16 banks have put themselves in danger by distributing excessive loans against customer deposits. Some of these banks have issued loans greater than 100% of their deposits and are now facing a crisis. According to data from Bangladesh Bank, as of December, excessive lending practices of nine conventional banks have resulted in a total of Tk 62,640 crore in loans. Islamic banks have issued loans amounting to Tk 53,793 crore , beyond the allowed limit.

Recent information from Bangladesh Bank shows that due to reckless loan distribution and the inability to bring the loaned money back to the bank, there is a liquidity crisis, and small depositors’ savings are at risk.

As per regulations, banks are allowed to lend up to Tk 87 for every Tk 100 deposited. Islamic banks can lend Tk 92 for every Tk 100 deposited. However, as of December, these banks have violated the loan-to-deposit ratio (ADR) limits.

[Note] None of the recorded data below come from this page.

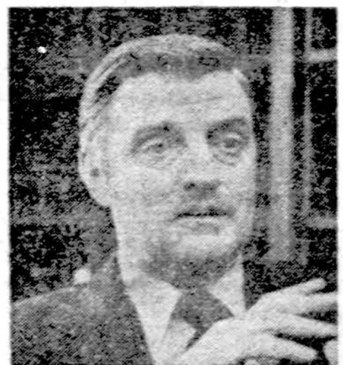
Walter Mondale, Minnesotos senatorius, išrinktas viceprezidento pareigoms

Neaiškumas iškilo dėl New Yorko balsų. Vos tik buvo paskelbta, kad laimėjo Carteris,
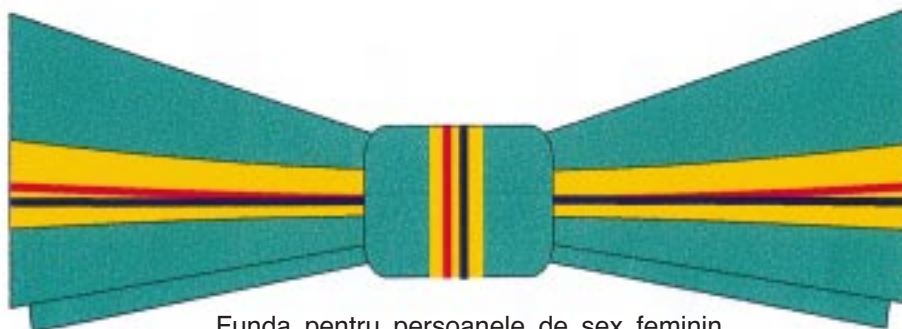
Funda pentru persoanele de sex feminin
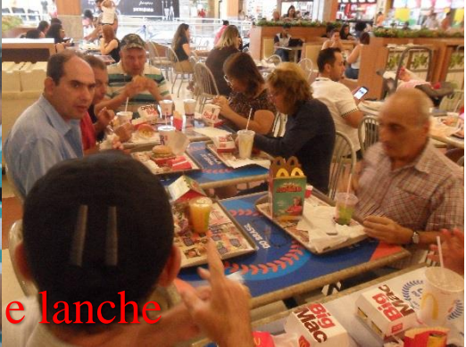
Cinema e lanche
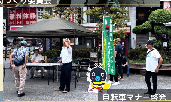
自転車マナー啓発
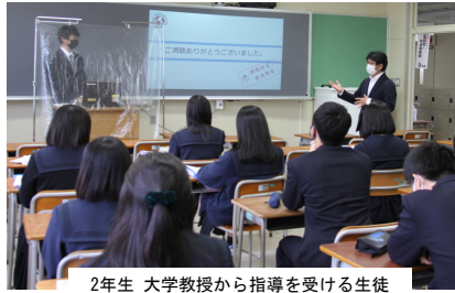
2年生 大学教授から指導を受ける生徒

東北大・宮城教育大・宮城大・東北工業大・法人まるオフィス・底上げ・合同コレルから多くの先生方をお招きし、生徒へのアドバイ
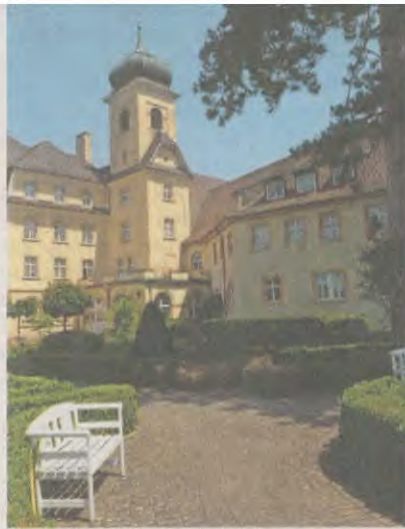
Sanierungsbedürftig: Malteserschloss in Heitersheim

Der Bürgermeister hält es für möglich, dass es noch ein Bürgerbegehren

Among these, National Bank's loan-to-deposit ratio is 113.56%, Exim Bank's is 110.68%, AB Bank's is 98.54%, Janata Bank's is 94.66%, Basic Bank's is 92.62%, Standard Bank's is 95.14%, UCB's is 91.39%, IFIC's is 91.34%, Bangladesh Commerce Bank's is 140.05%, Union Bank's is 115.63%, First Security Islami Bank's is 128.5%, Islamic AB Bank's is 112.31%, Global Islami Bank's is 106.71%, and Islami Bank’s loan-to-deposit ratio is above 93%. After issuing these loans, it is now difficult for these banks to bring the money back into the vault.

Regarding this, Bangladesh Bank’s spokesperson Arif Hossain Khan said that although there is no strict rule limiting the Advance Deposit Ratio (ADR) or Loan Deposit Ratio, banks face liquidity crises. As a result, depositors' normal transactions are hindered. Even if the depositors’ money is recorded on paper, it may not be available in the vault. This is why it is mandatory for banks to follow the ADR. If any bank fails to comply, they will naturally face risks. However, due to the temptation of large profits, these banks have crossed the ADR limit and are now facing this crisis.

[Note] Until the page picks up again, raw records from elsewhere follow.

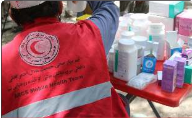
افغاني سره میاشت په بشرپالو خدمتونو کې خپلواکه ده.
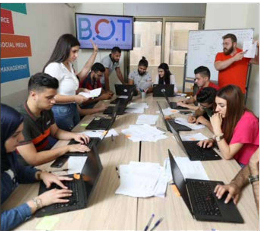
تنحصر فرص العمل التي توفرها المنصة في المجال الرقمي فحسب

مناطق لبنان، وذلك عن طريق تطوير مهاراتهم وتأمين مصادر دخل لهم عبر تشجيع القطاع الخاص على توظيفهم. «الشباب المهتمّش» الذين يستفيدون من المشروع هم «العاطلون من العمل، ومن يسكنون في الأطراف حيث لا تتوفر فيها فرص عمل بشكل كبير، ومن يعملون مقابل أجر زهيد، إضافة إلى
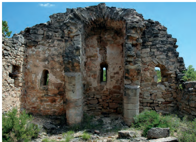
Interior de la cabecera
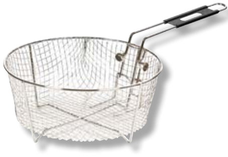
Cestello per friggere
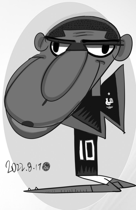
←基利安·姆巴佩(法国)
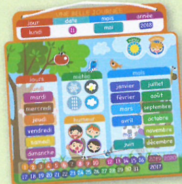
1035 AGENDA MAGNÉTIQUE UNE BELLE JOURNÉE Cet agenda accompagnera votre enfant pendant 4 ans. Il est idéal pour lui apprendre à acquérir la notion du temps tout en devenant autonome. Dès 3 ans.
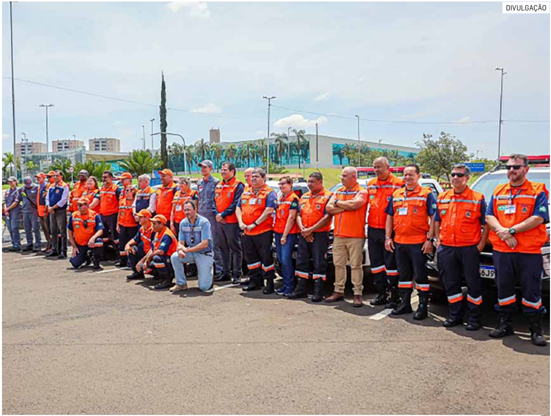
Técnicos das Defesas Cíveis discutiram boas práticas no combate aos 'Riscos Tecnológicos'

Encerrando a programação, os participantes realizaram uma demonstração da Força-Tarefa da Defesa Civil, o que na prática são os processos compreendidos entre a gestão de risco e o gerenciamento de desastre.
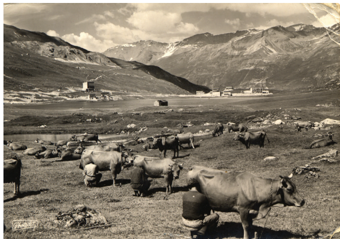
Vaches dans la vallée de Tignes, P. Fortier

La vie pastorale dans les alpes est organisée autour de l'unité d'exploitation que constitue la « montagne », terme utilisé pour désigner l'alpe. Dans les grandes montagnes où sont fabriqués les gruyères
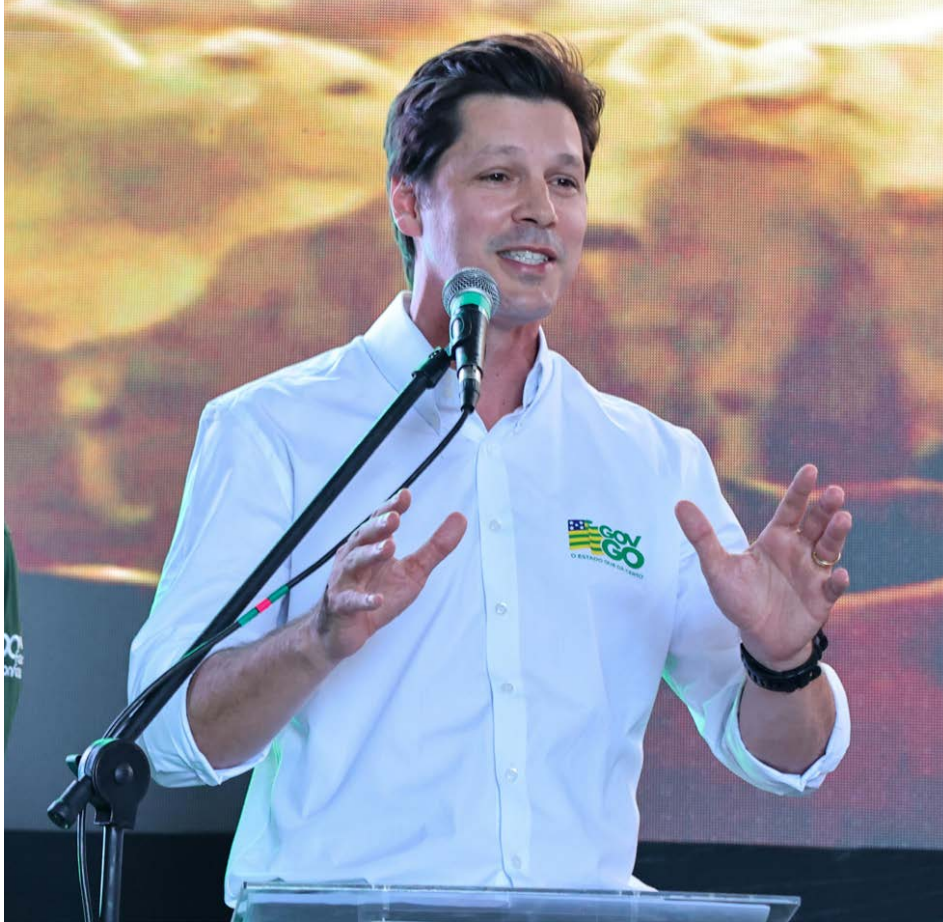
Daniel Vilela participa da 2ª edição da Conforto Experience, em Nova Crixás, no Norte goiano

O governador Daniel Vilela destacou, nesta quarta-feira (6/5), ações do Governo de Goiás para impulsionar o agronegócio, durante a 2ª edição da Conforto Experience, evento que reúne lideranças do setor em Nova Crixás. Realizado na Fazenda Conforto, o encontro tem como objetivo promover a troca de conhecimento sobre o mercado e impulsionar negócios na região do Vale do Araguaia, no Norte goiano.
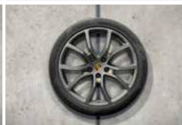
21" Cayenne Exclusive Design ljetni set točkova sa pneumaticima, u boji platine (satenski sjaj)
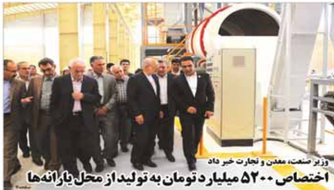
وزیر صنعت، معدن و تجارت خبر داد اختصاص ۵۲۰۰ میلیارد تومان به تولید از محل یارانه‌ها
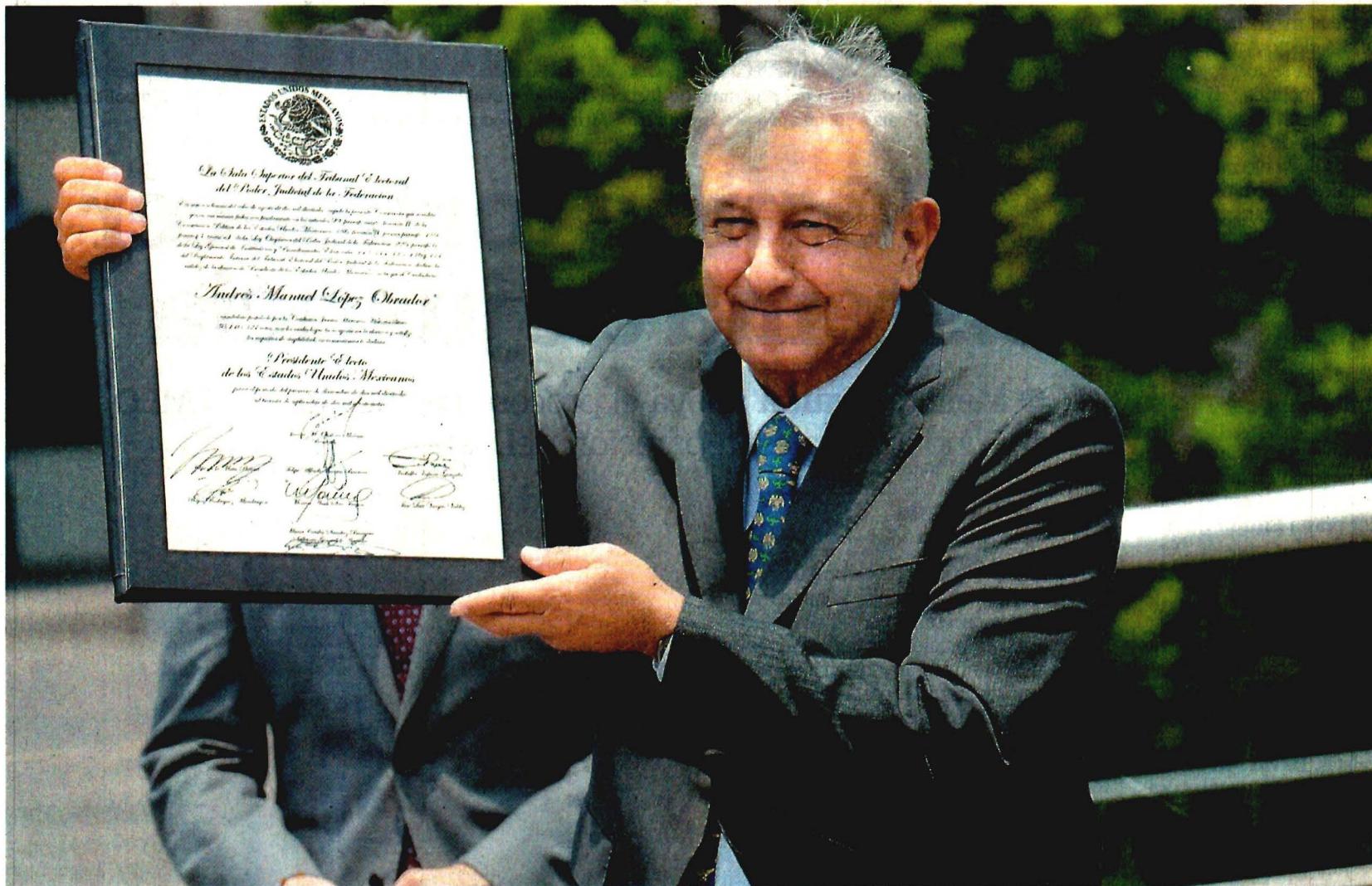
Andrés Manuel López Obrador muestra su constancia de mayoría, que lo acredita como presidente electo de México.
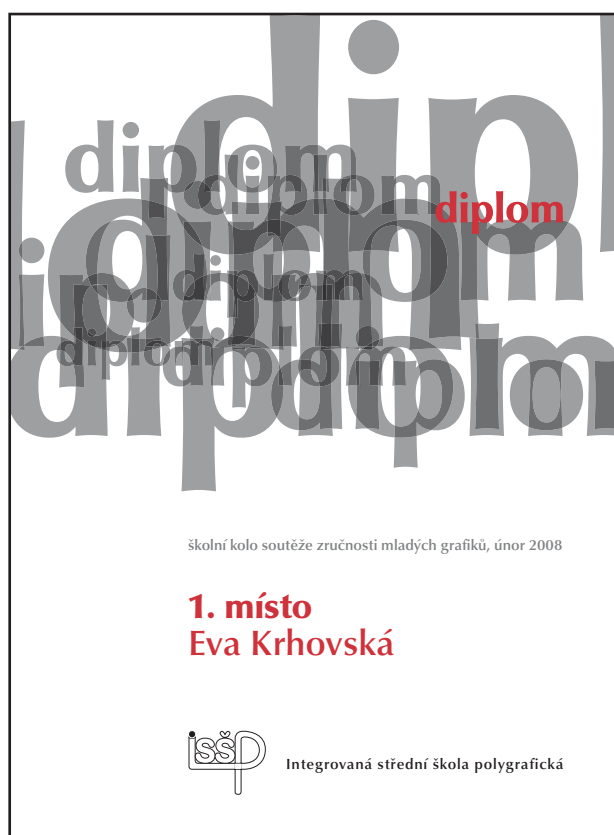
Školní kolo soutěže zručnosti mladých grafiků, diplom
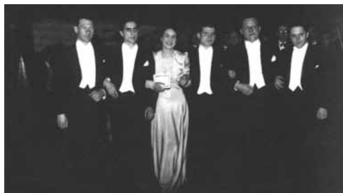
De laureaten van de Ysaÿewedstrijd in 1938.
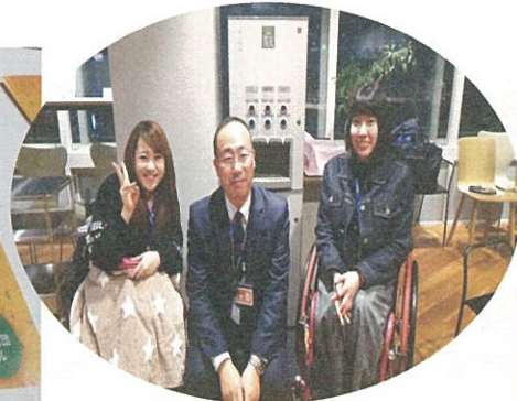
平成31年2月9日 「福祉研修会 in 東京」

He added that despite repeated warnings to the banks, no effective action has been taken.

Financial sector analysts believe that Bangladesh Bank needs to take stricter actions in the interest of depositors. Dr Toufik Ahmed Chowdhury, former Director-General of the BIBM, called the situation unfortunate and said it is the responsibility of Bangladesh Bank to stop this. He believes that the regulatory body needs to increase punitive measures. Banks have been violating the rules for a long time and should be fined. Had these banks followed the rules, they wouldn’t have been in such a weak position. Using short-term loans to finance long-term investments has put the banks at risk.

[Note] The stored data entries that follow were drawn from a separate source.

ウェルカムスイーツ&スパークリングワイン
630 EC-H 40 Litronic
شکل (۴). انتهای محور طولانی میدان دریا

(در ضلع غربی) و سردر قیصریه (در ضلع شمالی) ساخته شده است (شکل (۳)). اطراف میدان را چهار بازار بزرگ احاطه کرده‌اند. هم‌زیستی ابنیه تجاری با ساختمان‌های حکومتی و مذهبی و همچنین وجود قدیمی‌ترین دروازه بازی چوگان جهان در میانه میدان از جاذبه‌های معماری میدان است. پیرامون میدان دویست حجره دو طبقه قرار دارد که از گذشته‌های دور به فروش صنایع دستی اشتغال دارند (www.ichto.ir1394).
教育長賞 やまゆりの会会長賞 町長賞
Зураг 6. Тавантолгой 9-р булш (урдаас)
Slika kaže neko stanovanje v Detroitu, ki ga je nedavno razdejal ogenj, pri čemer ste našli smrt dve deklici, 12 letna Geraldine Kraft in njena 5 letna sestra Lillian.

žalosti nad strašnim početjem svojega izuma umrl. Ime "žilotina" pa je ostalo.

In the event of a closure of any conventional bank, the central bank guarantees a compensation of up to 2 lakh taka for depositors. However, analysts believe that to keep the banking sector dynamic, Bangladesh Bank must take stricter punitive measures against banks that have jeopardized depositors' savings by giving out irregular loans. This would protect the long-term interests of both depositors and banks.